Given information ▸

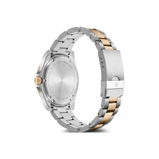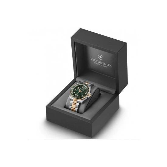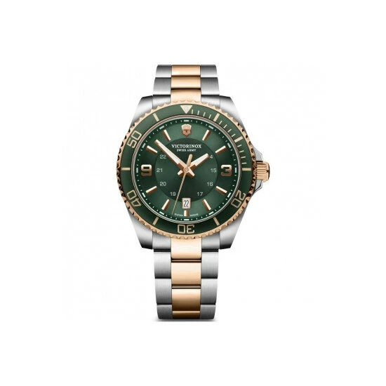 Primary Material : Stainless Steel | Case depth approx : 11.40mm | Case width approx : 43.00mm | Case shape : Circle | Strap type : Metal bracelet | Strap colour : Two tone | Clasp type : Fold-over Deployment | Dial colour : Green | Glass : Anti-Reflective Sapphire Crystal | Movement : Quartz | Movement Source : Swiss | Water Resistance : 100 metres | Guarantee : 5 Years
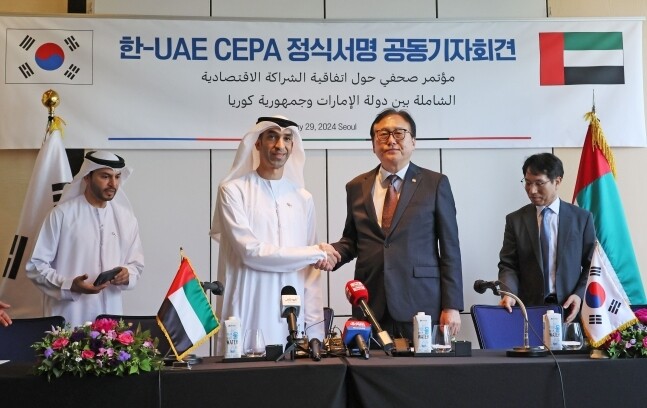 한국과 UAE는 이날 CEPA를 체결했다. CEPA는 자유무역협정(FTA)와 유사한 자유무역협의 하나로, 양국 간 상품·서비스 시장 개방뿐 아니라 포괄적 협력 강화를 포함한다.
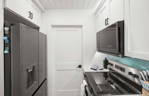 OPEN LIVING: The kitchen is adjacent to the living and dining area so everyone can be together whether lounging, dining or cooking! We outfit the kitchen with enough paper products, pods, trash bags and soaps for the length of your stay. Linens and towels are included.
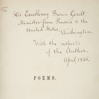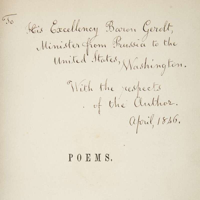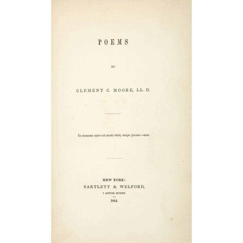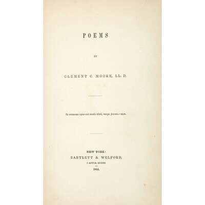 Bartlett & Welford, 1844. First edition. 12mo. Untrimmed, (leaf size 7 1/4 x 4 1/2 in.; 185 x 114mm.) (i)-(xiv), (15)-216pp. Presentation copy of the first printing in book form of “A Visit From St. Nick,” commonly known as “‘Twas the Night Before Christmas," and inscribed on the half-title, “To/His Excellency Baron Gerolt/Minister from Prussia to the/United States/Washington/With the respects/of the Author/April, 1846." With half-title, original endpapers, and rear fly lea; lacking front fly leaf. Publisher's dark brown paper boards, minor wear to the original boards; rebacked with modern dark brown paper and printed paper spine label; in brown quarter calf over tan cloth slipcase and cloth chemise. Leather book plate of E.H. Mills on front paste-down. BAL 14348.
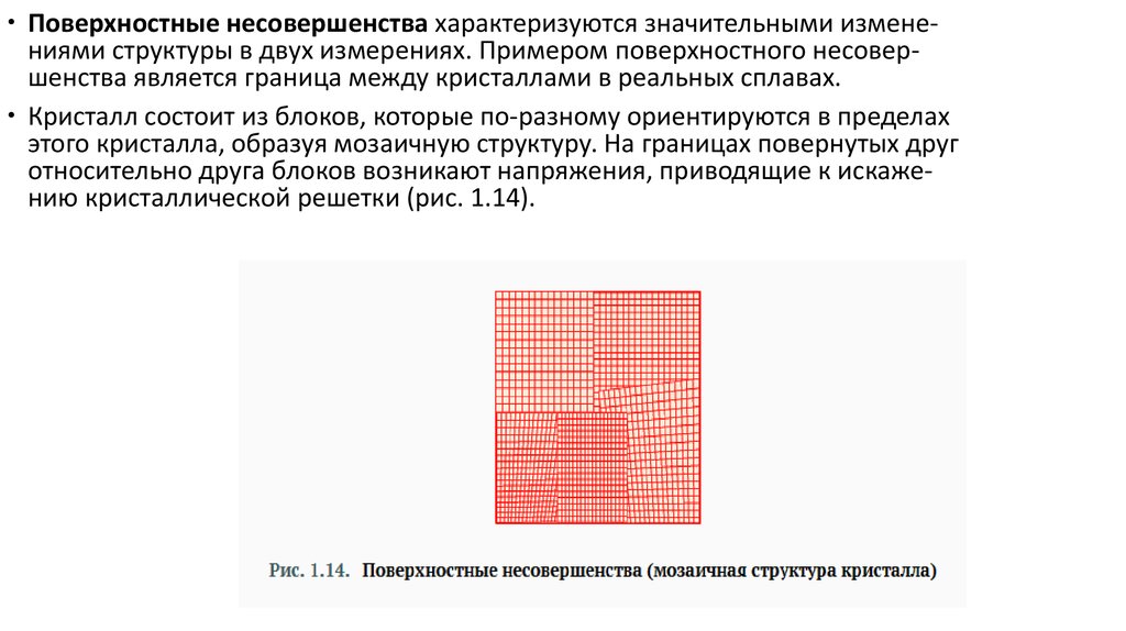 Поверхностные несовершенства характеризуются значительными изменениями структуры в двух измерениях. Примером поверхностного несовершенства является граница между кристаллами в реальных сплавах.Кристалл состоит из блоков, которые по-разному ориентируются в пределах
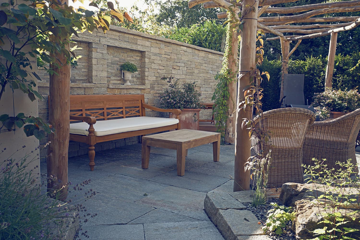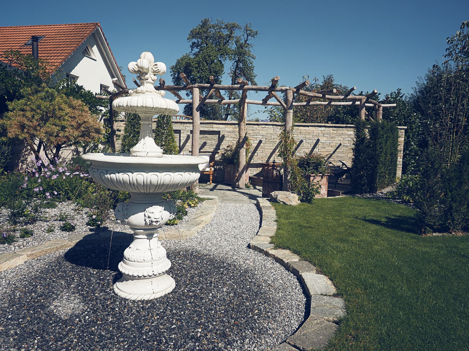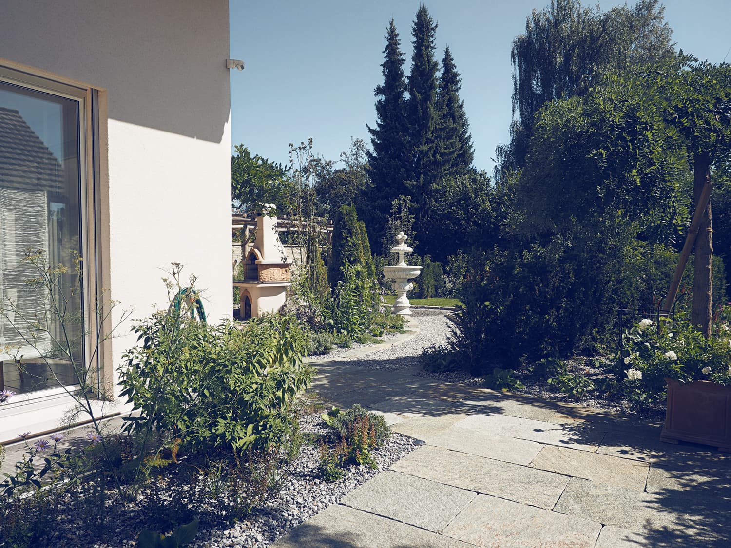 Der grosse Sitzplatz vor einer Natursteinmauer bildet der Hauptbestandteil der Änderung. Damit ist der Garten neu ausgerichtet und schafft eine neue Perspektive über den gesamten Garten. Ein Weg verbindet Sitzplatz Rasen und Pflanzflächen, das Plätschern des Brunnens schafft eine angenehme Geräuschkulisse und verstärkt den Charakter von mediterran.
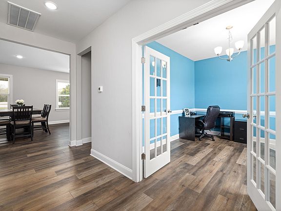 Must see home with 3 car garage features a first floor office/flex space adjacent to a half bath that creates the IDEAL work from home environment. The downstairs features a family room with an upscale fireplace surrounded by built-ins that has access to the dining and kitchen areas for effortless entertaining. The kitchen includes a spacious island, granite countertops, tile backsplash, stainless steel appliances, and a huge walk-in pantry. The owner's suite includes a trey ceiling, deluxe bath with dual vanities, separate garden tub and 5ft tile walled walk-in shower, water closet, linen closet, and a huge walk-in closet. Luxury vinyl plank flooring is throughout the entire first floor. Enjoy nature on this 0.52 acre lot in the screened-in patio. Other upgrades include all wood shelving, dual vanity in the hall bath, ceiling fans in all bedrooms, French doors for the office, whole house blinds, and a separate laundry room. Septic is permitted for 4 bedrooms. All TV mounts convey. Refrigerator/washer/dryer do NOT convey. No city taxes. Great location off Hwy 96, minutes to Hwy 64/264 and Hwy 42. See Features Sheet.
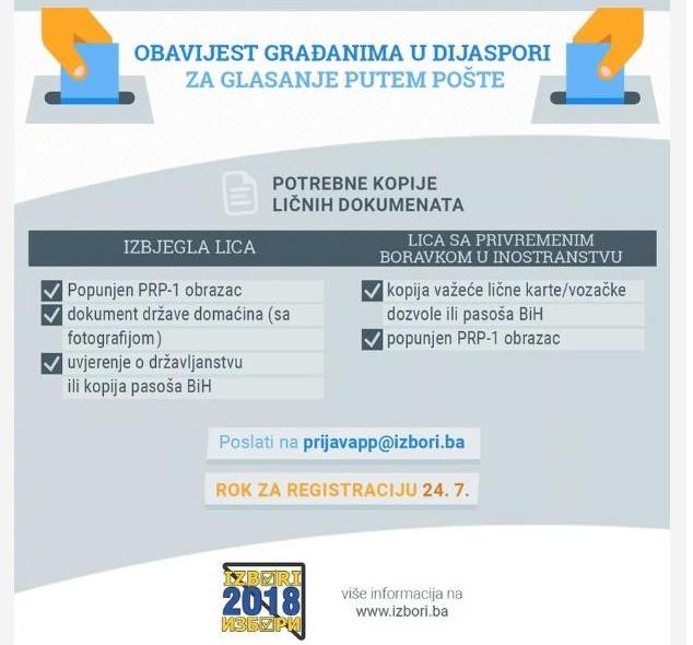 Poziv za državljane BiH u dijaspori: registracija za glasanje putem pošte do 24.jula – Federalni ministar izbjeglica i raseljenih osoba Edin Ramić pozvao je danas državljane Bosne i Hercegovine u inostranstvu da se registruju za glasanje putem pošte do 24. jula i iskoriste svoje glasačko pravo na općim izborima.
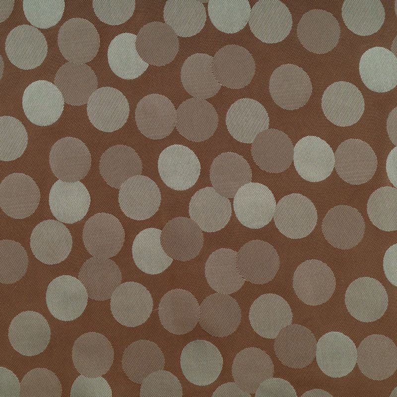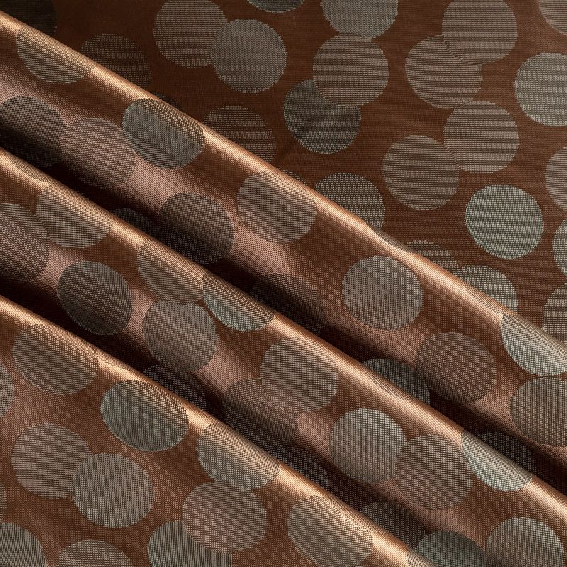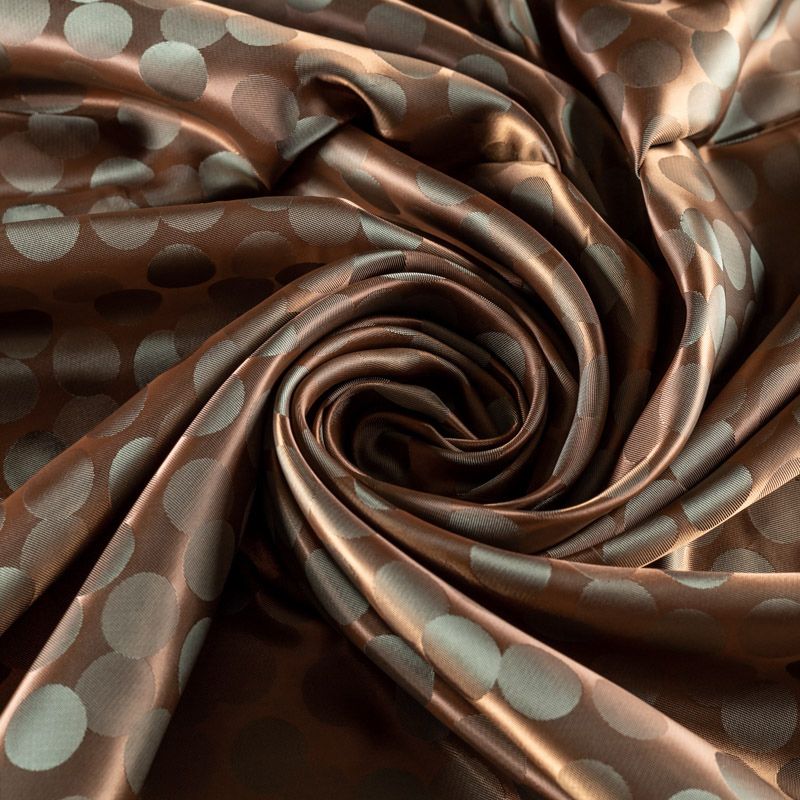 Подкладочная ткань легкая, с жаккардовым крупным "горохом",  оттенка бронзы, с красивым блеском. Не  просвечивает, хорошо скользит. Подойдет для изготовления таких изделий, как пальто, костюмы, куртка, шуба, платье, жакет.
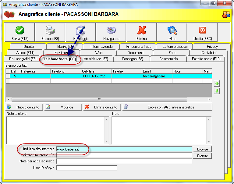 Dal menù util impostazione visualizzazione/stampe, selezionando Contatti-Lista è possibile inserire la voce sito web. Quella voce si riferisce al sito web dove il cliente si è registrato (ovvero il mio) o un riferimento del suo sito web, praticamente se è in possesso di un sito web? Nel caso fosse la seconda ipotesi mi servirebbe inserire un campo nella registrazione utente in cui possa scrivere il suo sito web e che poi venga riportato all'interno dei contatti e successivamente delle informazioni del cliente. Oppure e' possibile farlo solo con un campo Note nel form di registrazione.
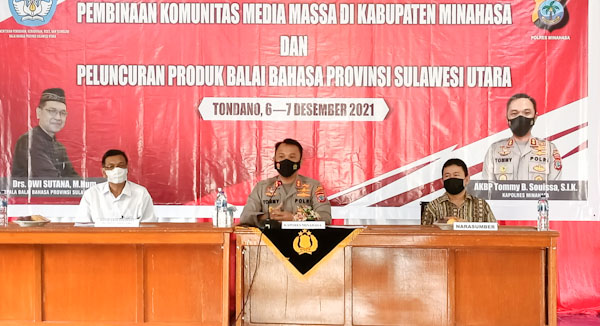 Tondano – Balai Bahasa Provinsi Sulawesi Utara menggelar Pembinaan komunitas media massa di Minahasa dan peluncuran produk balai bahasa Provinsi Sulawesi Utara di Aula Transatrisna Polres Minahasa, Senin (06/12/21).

Activity ▸ Give the data again exactly as written, with all pictures left out.

Result of this exercise ▸
 Primary Material : Stainless Steel | Case depth approx : 11.40mm | Case width approx : 43.00mm | Case shape : Circle | Strap type : Metal bracelet | Strap colour : Two tone | Clasp type : Fold-over Deployment | Dial colour : Green | Glass : Anti-Reflective Sapphire Crystal | Movement : Quartz | Movement Source : Swiss | Water Resistance : 100 metres | Guarantee : 5 Years
 한국과 UAE는 이날 CEPA를 체결했다. CEPA는 자유무역협정(FTA)와 유사한 자유무역협의 하나로, 양국 간 상품·서비스 시장 개방뿐 아니라 포괄적 협력 강화를 포함한다.
 OPEN LIVING: The kitchen is adjacent to the living and dining area so everyone can be together whether lounging, dining or cooking! We outfit the kitchen with enough paper products, pods, trash bags and soaps for the length of your stay. Linens and towels are included.
 Bartlett & Welford, 1844. First edition. 12mo. Untrimmed, (leaf size 7 1/4 x 4 1/2 in.; 185 x 114mm.) (i)-(xiv), (15)-216pp. Presentation copy of the first printing in book form of “A Visit From St. Nick,” commonly known as “‘Twas the Night Before Christmas," and inscribed on the half-title, “To/His Excellency Baron Gerolt/Minister from Prussia to the/United States/Washington/With the respects/of the Author/April, 1846." With half-title, original endpapers, and rear fly lea; lacking front fly leaf. Publisher's dark brown paper boards, minor wear to the original boards; rebacked with modern dark brown paper and printed paper spine label; in brown quarter calf over tan cloth slipcase and cloth chemise. Leather book plate of E.H. Mills on front paste-down. BAL 14348.
 Поверхностные несовершенства характеризуются значительными изменениями структуры в двух измерениях. Примером поверхностного несовершенства является граница между кристаллами в реальных сплавах.Кристалл состоит из блоков, которые по-разному ориентируются в пределах
 Der grosse Sitzplatz vor einer Natursteinmauer bildet der Hauptbestandteil der Änderung. Damit ist der Garten neu ausgerichtet und schafft eine neue Perspektive über den gesamten Garten. Ein Weg verbindet Sitzplatz Rasen und Pflanzflächen, das Plätschern des Brunnens schafft eine angenehme Geräuschkulisse und verstärkt den Charakter von mediterran.
 Must see home with 3 car garage features a first floor office/flex space adjacent to a half bath that creates the IDEAL work from home environment. The downstairs features a family room with an upscale fireplace surrounded by built-ins that has access to the dining and kitchen areas for effortless entertaining. The kitchen includes a spacious island, granite countertops, tile backsplash, stainless steel appliances, and a huge walk-in pantry. The owner's suite includes a trey ceiling, deluxe bath with dual vanities, separate garden tub and 5ft tile walled walk-in shower, water closet, linen closet, and a huge walk-in closet. Luxury vinyl plank flooring is throughout the entire first floor. Enjoy nature on this 0.52 acre lot in the screened-in patio. Other upgrades include all wood shelving, dual vanity in the hall bath, ceiling fans in all bedrooms, French doors for the office, whole house blinds, and a separate laundry room. Septic is permitted for 4 bedrooms. All TV mounts convey. Refrigerator/washer/dryer do NOT convey. No city taxes. Great location off Hwy 96, minutes to Hwy 64/264 and Hwy 42. See Features Sheet.
 Poziv za državljane BiH u dijaspori: registracija za glasanje putem pošte do 24.jula – Federalni ministar izbjeglica i raseljenih osoba Edin Ramić pozvao je danas državljane Bosne i Hercegovine u inostranstvu da se registruju za glasanje putem pošte do 24. jula i iskoriste svoje glasačko pravo na općim izborima.
 Подкладочная ткань легкая, с жаккардовым крупным "горохом",  оттенка бронзы, с красивым блеском. Не  просвечивает, хорошо скользит. Подойдет для изготовления таких изделий, как пальто, костюмы, куртка, шуба, платье, жакет.
 Dal menù util impostazione visualizzazione/stampe, selezionando Contatti-Lista è possibile inserire la voce sito web. Quella voce si riferisce al sito web dove il cliente si è registrato (ovvero il mio) o un riferimento del suo sito web, praticamente se è in possesso di un sito web? Nel caso fosse la seconda ipotesi mi servirebbe inserire un campo nella registrazione utente in cui possa scrivere il suo sito web e che poi venga riportato all'interno dei contatti e successivamente delle informazioni del cliente. Oppure e' possibile farlo solo con un campo Note nel form di registrazione.
 Tondano – Balai Bahasa Provinsi Sulawesi Utara menggelar Pembinaan komunitas media massa di Minahasa dan peluncuran produk balai bahasa Provinsi Sulawesi Utara di Aula Transatrisna Polres Minahasa, Senin (06/12/21).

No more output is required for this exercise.